三国会議の再開
「戦いを止めるどころか、逃げるのに精一杯だったんだ」
ユノが申し訳なさそうに言う。顔を両手で覆うと、はあっと大きく息を吐いた。
「ヒドい有様だっただろ?」
明日香はその光景を、否が応でも思い出さざるを得なかった。途中で目を瞑って見えないようにしたが、『神の一歩』にはたくさんの人や獣たちが倒れていた。彼らはもう二度と立ち上がらないし、息もしない。
「ああ、ヒドかった」
軽い吐き気とめまいを覚える。具合が悪くなりそうになり、明日香は無理矢理にも話を進めた。
「イアンたちは大丈夫かな。マルたちは……」
「今回は『獣−獣族』と『人−人族』との戦いだからな。
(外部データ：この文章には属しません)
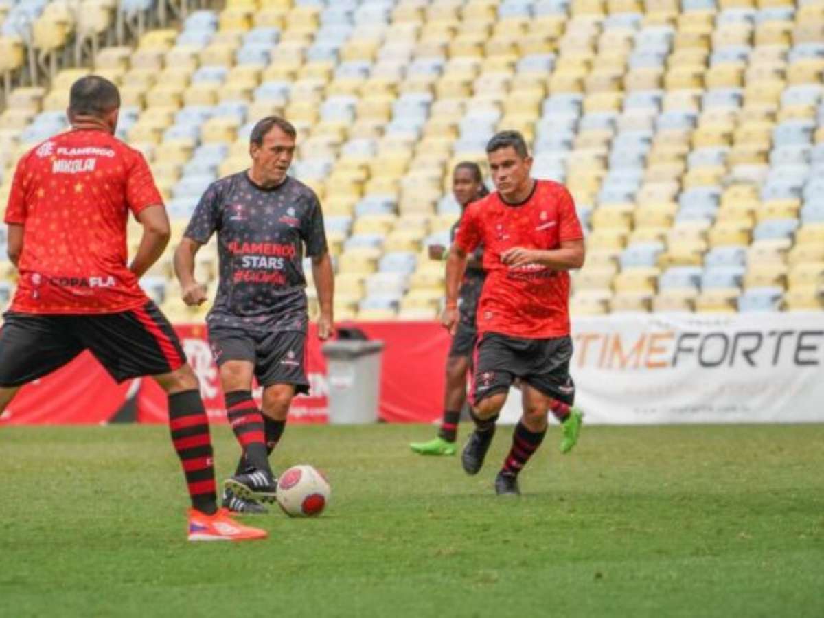 Ex-jogadores participam de evento organizado pela Escola Flamengo, realizado no Maracanã; se liga nos gols dos ídolos!

マルたちが巻き込まれていないといいが。けれど、イアンは政府の代表だし、そうもいかないだろうな」
「戦争なんて……どうして、そうなっちゃうんだろう」
明日香が、ぽつんと呟いた。
「明日香、ジャファってヤツ知ってる?」
ユノがおずおずと訊いてくる。明日香はその名前を直ぐにも思い出した。
「知ってるよ、すっごく大きな白いトラの人っ‼︎」
「人嫌いっていうので有名らしいんだ。そのジャファってのの一派が、今回の戦争を煽動したって噂もある」
「うそお、ヤダヤダ。どうして、そんなこと……自分だって、死んじゃうかもしれないのに」
「自分のことも相手のことも、考えているようで考えていない。矛盾のように思えますが、それが戦争っていうものですね」
イェンナが、顔を歪めて言った。
沈黙が続いて、重い空気にそれぞれが押しつぶされそうになる頃、明日香が意を決したように言った。
「三国会議、やろう」
明日香は握っていた両手に力を込めた。
「カスガさんにも頼んでみる」
「開催地は、明日香とイェンナの二人を合わせたミックスってことだね」
ユノが賛成の笑顔を向けると、明日香もほっと息を吐いた。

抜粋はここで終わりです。